***** Source records *****

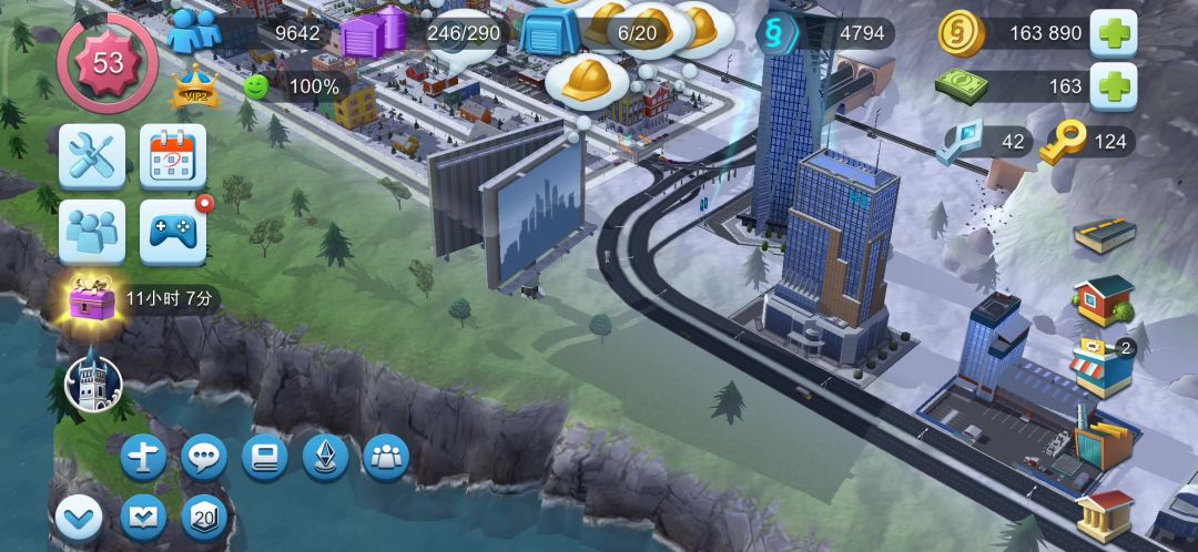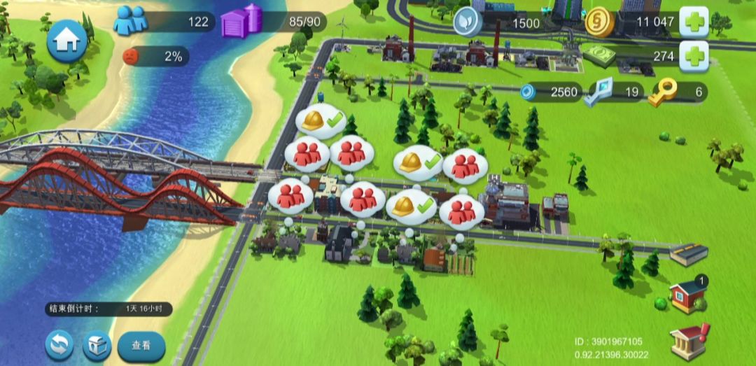 如图一四个建筑无法继续升级了,一周了没见安全帽,拖到无加成地区人口只有图二的数量。
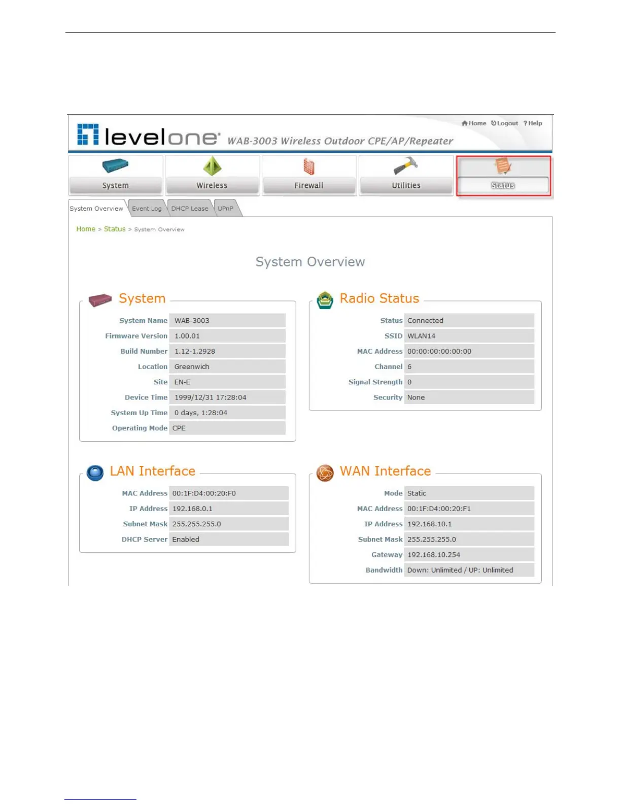 This section displays the status of System Overview, Event Log, DHCP Lease and UPnP.
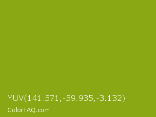 YUV 141.571,-59.935,-3.132 Color is a normal lime color and the nearest color is Citron #9fa91f. Hex code #8aa714 and RGB value is rgb(138,167,20). In RGB color space, this color is composed of 54% red, 65% green, 8% blue, In CMYK color space, this color is composed of 17% cyan, 0% magenta, 88% yellow , 35% black , In HSL color space, this color has a hue angle of 72° , 79% saturation and 37% lightness.
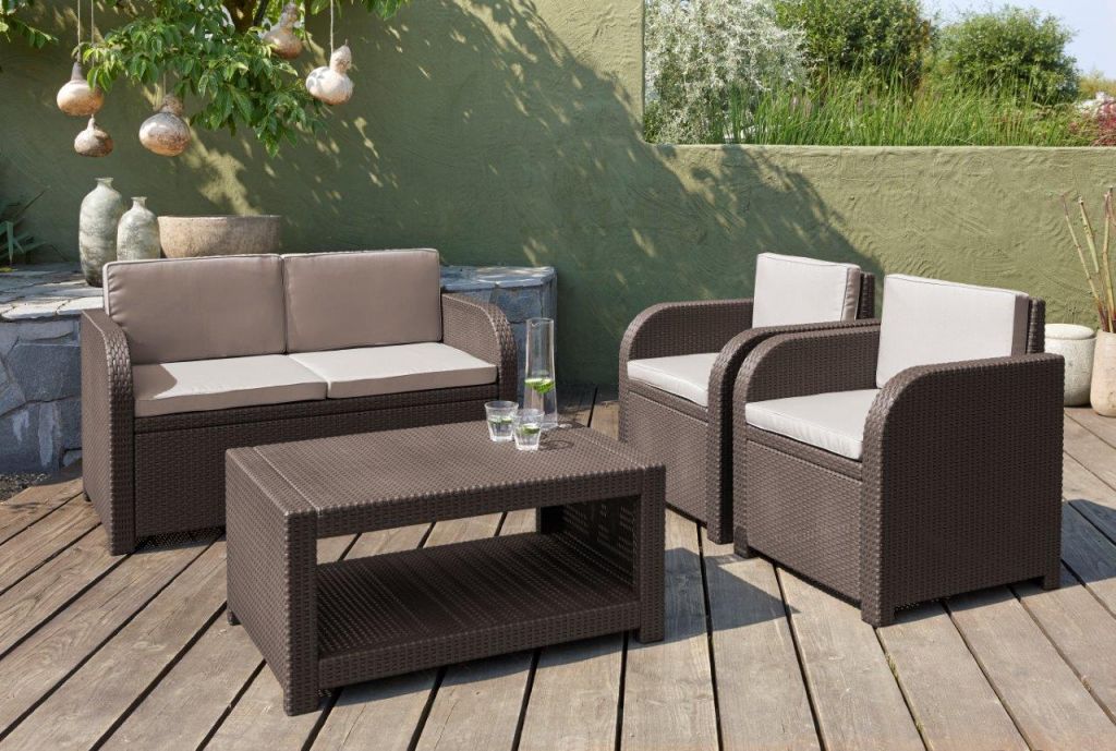 Set zahradního nábytku Modena značky Keter připomíná svým designem přírodní ratanovou vazbu. Skvěle tak doplní jak moderní, tak i tradiční look okolí. Užijte si pohodlí díky měkkým sedákům.
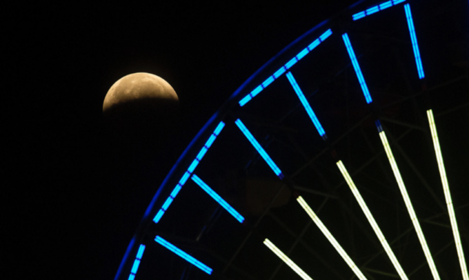 26일 미국 캘리포니아주 샌타모니카에 있는 대관람차 뒤로 개기월식이 관측되고 있다. [AP 뉴시스]
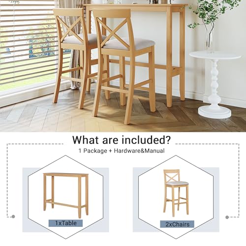Ball & Cast - بول اند كاست مجموعة كراسي طاولة بارتفاع ريفي من 3 قطع، 47.5 انش، زاوية مطبخ لتناول الافطار مع 2 كرسي بار منجد، طاولة بار خشبية للمنزل وغرفة الطعام والاماكن الصغيرة، طبيعي
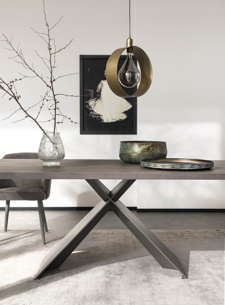 The Xilo table is the result of the pencil of the Altacorte style center. The formal rigidity of the elementary geometries is graced by slight and precious structural interventions inside the base, giving a three-dimensional sensation of the form. The table on display is equipped with an exclusive top with a fossil wood insert of fluvial origin characterized by particular sediments that make it unique in every element thanks to the millenary fossilization of water. Fossil wood extraction operations are carried out manually from the sand and gravel of the riverbeds that have buried and preserved the logs for a period of more than 6,000 years. The oldest trunks are over 8,000 years old and are characterized by very dark color tones. The most relevant peculiarity of fossil wood is the natural uniqueness that characterizes each trunk in terms of intensity of color, design and shades, making each piece different from the other.

*****

▸ Problem statement:
Each line of the data above is to be output exactly; the pictures are not to appear.

▸ Answer area:
 如图一四个建筑无法继续升级了,一周了没见安全帽,拖到无加成地区人口只有图二的数量。
 This section displays the status of System Overview, Event Log, DHCP Lease and UPnP.
 YUV 141.571,-59.935,-3.132 Color is a normal lime color and the nearest color is Citron #9fa91f. Hex code #8aa714 and RGB value is rgb(138,167,20). In RGB color space, this color is composed of 54% red, 65% green, 8% blue, In CMYK color space, this color is composed of 17% cyan, 0% magenta, 88% yellow , 35% black , In HSL color space, this color has a hue angle of 72° , 79% saturation and 37% lightness.
 Set zahradního nábytku Modena značky Keter připomíná svým designem přírodní ratanovou vazbu. Skvěle tak doplní jak moderní, tak i tradiční look okolí. Užijte si pohodlí díky měkkým sedákům.
 26일 미국 캘리포니아주 샌타모니카에 있는 대관람차 뒤로 개기월식이 관측되고 있다. [AP 뉴시스]
Ball & Cast - بول اند كاست مجموعة كراسي طاولة بارتفاع ريفي من 3 قطع، 47.5 انش، زاوية مطبخ لتناول الافطار مع 2 كرسي بار منجد، طاولة بار خشبية للمنزل وغرفة الطعام والاماكن الصغيرة، طبيعي
 The Xilo table is the result of the pencil of the Altacorte style center. The formal rigidity of the elementary geometries is graced by slight and precious structural interventions inside the base, giving a three-dimensional sensation of the form. The table on display is equipped with an exclusive top with a fossil wood insert of fluvial origin characterized by particular sediments that make it unique in every element thanks to the millenary fossilization of water. Fossil wood extraction operations are carried out manually from the sand and gravel of the riverbeds that have buried and preserved the logs for a period of more than 6,000 years. The oldest trunks are over 8,000 years old and are characterized by very dark color tones. The most relevant peculiarity of fossil wood is the natural uniqueness that characterizes each trunk in terms of intensity of color, design and shades, making each piece different from the other.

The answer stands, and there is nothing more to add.